Calculate the enthalpy change when methane (CH4) reacts with oxygen (O2), given the following information.

CH4 + 2O2 → CO2 + 2H2O

Bond Bong Energy (KJ/Mol)
C-H 435
O=O 497
C=O 803
H-O 464
C-C 347
C-O 358

Energy needed to break bonds:

4 (C-H): 435 x 4 = 1740 KJ/Mol
2 (O=O): 497 x 1 = 994 KJ/Mol
Total energy in: 1740 + 994 = 2734 KJ/Mol

Energy needed to form bonds:
2 (C=O): 803 x 2 = 1606 KJ/Mol
4 (H-O): 464 x 4 = 1856 KJ/Mol
Total energy out: 1606 + 1856 = 3462 KJ/Mol

ΔH= 2734 – 3462 = -728 KJ/Mol r
Therefore reaction is Exothermic

When the ΔH is negative, the reaction is exothermic because the negative means that the reactants LOST energy to the surroundings. If it was positive the reaction is endothermic because the positive means that the reactants GAINED or ABSORBED energy from the surroundings.


Examples of Exothermic Reactions:


This is the reaction of any carbon containing fuel with oxygen producing carbon dioxide if complete combustion and carbon monoxide if incomplete combustion and large amounts of energy.

CH4 + 2O2 → CO2 + 2H2O + Energy


Burning food (glucose) in living organisms to produce energy and carbon dioxide.

C6H12O6 + 6O2 → 6CO2 + 6H2O + Energy


Adding water to salt powder, it is not dissolving.

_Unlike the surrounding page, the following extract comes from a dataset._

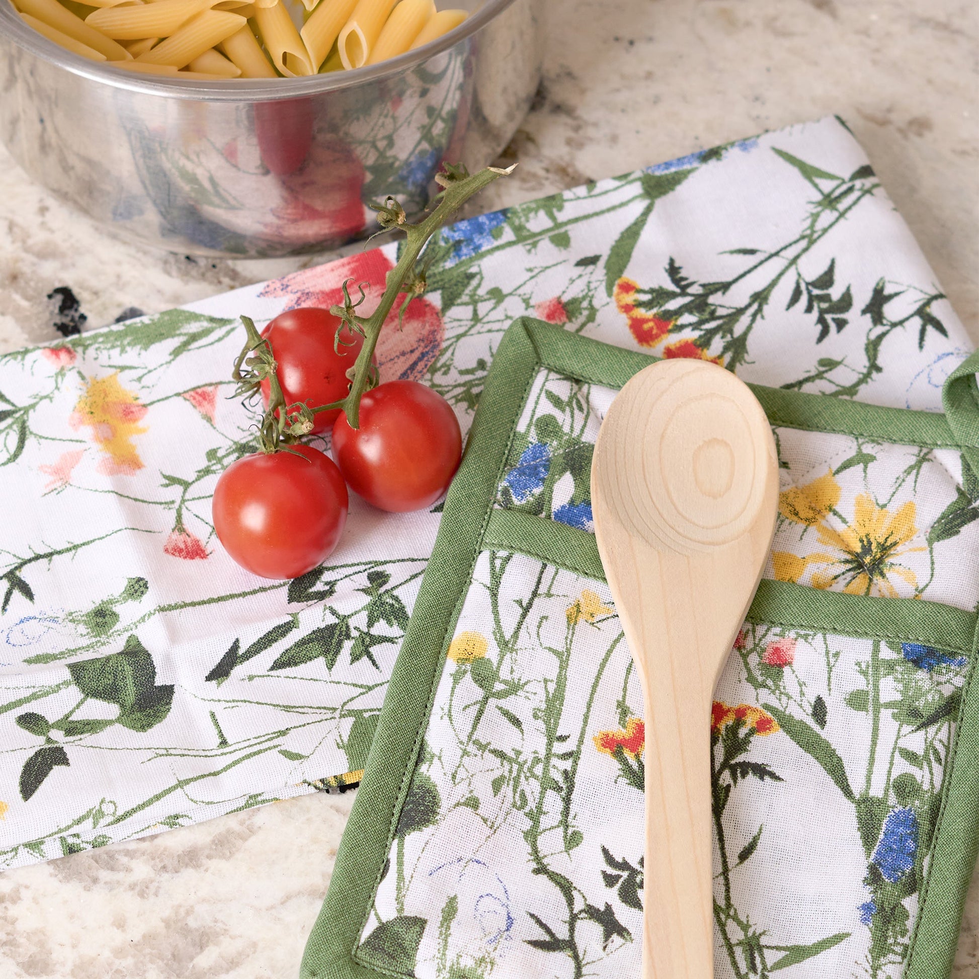 Cute and practical, the 3-Piece Spring Meadow Kitchen Set features gorgeous matching potholder and tea towel, and classic wooden spoon. The perfect gift for everything from a house warming to the holidays, this set helps make a house a home.

The powder changes to crystals.

CuSO4 + 5H2O → CuSO4.5H2O + Energy


A more reactive metal displaces the less reactive one.

Zn + CuSO4 → ZnSO4 + Cu + Energy


Adding and acid to an alkali forming salt, water and energy.

HCl + NaOH → NaCl + H2O


Examples of Endothermic Reactions:


Using carbon dioxide and water to make glucose and oxygen in the presence of light energy and chlorophyll.

6CO2 + 6H2O → C6H12O6 + 6O2


Supplying heat to hydrated salt crystals evaropates the water of crystallization, leaving the powered crystals.

CuSO4.5H2O + Heat energy → CuSO4 + 5H2O

Thermal Decomposition:

The breaking down of a compound by heating it.

CaCO3 + Heat Energy → CaO + CO2